Томас Чаттертон - страница 13
>(Пока продолжается эта речь, стена с книгами снова отодвигается, и из-за нее выходят, друг за другом — освещенные красно-фиолетовым светом, в одеждах конца пятнадцатого столетия, — Уильям Барретт, Генри Бергем, Джордж Саймс Кэткот, Ричард Смит (старший), Томас Кэри, Уильям Смит и Питер Смит, одетый богаче всех; последним — монах Томас Роули).
Абуриэль. Не пугайся! Исчезла завеса, только и всего. Греза это не греза, грезой является так называемая действительность.
Томас. Кто они? Откуда пришли?
Абуриэль. Из книг. Они — написанное, и уже в силу этого достоверны. Если хочешь, чтобы они не просто оставались мысленными картинами, но сделались материей, прахом, землей, плотью и миловидностью… Если ты этого захочешь, они тебе подчинятся. Подойди ближе! Загляни им в лица. Увидишь, что и одного, и другого, и третьего ты хорошо знаешь.
Томас. Врач, мистер Барретт, — а кто эти люди с ним рядом?
Абуриэль. Господа Генри Бергем и Джордж Кэткот: оловянщики, чья лавка располагается на углу Редклиф-стрит.
Томас. Да, я припоминаю, что встречался с ними. Красивым мистера Кэткота не назовешь, но очевидно, что здоровье у него отменное.
Абуриэль. Большой оригинал: осел, оседлавший рысака, как выразился о нем мистер Бергем, когда в июне прошлого года мистер Кэткот проезжал верхом по новому, еще не достроенному Эйвонскому мосту[9]. Он заикается, но декламирует стихи без ошибок. Он вспыльчив, на кухне ведет себя как Александр Великий: ест только ростбифы и трижды на дню самолично поджаривает для себя хлебцы. У него неправильной формы задница, а книги он читает только такие, что были написаны больше ста лет назад.
Томас (смеется). А о мистере Генри Бергеме что скажете?
Абуриэль. Он, можно сказать, меценат, поклонник музыки, но человек весьма легковерный.

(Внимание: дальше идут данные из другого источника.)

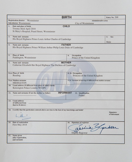 Akt urodzenia syna Kate i Williama - ksiecia Louisa

Томас. А эти мертвые куклы — мои друзья?
Абуриэль. Соседство даже самых близких людей не всегда бывает приятным…
Томас. Как понимать присутствие здесь монаха?
Абуриэль. Это Томас Роули, поэт. Несуществующий. Образ, сотканный фантазией. Он никогда не заговорит; однако его незримая рука, высовываясь из складок сутаны, часто будет водить твоим пером. Взгляни: он только туманная дымка; и рука его — не более чем дымка, и мозг тоже.
>(Монах исчезает).
Томае. Но вы назвали его Томасом. Разве я — дымка?
Абуриэль. Речь не о тебе. Он нам привиделся, потому и пришлось дать ему какое-то имя.
Томае. Пивовар… так не похож на себя… И одет щегольски… А Питер Смити — вылитый принц… или незаконный сын принца.
>(Видения исчезают).
Абуриэль. Поднявшиеся к нам уже удалились. Ты понял смысл видения?
Томас.
Мистер Абуриэль, я опустошен собственными мыслями. Фантазии пронизывают меня, расщепляют мой мозг. Город — с тех пор, как его основали — был погребен уже раз пятьдесят. Где теперь те времена? Где мертвые? Где их голоса? Их тепло? Куда подевались былые радости, куда — преступления?[10] Всё — лишь прохождение сквозь. Шум на улицах… — и больше ничего?
Абуриэль (резко перебивает его). Здесь стоят книги. Читай их! Пойми, ты можешь расти или умаляться[11]. Время пока что тебе благоприятствует.
Томас. Неужели вот это, это ставшее зримым Ничто, и есть награда за мои занятия некромантией?
Абуриэль. Похоже, что так. (Он отодвигает стенку с книгами.) Я пройду этим путем.
Томас (хочет последовать за ним, но стена снова смыкается). Мистер Абуриэль! (Томас пытается открыть проход; это не удается.)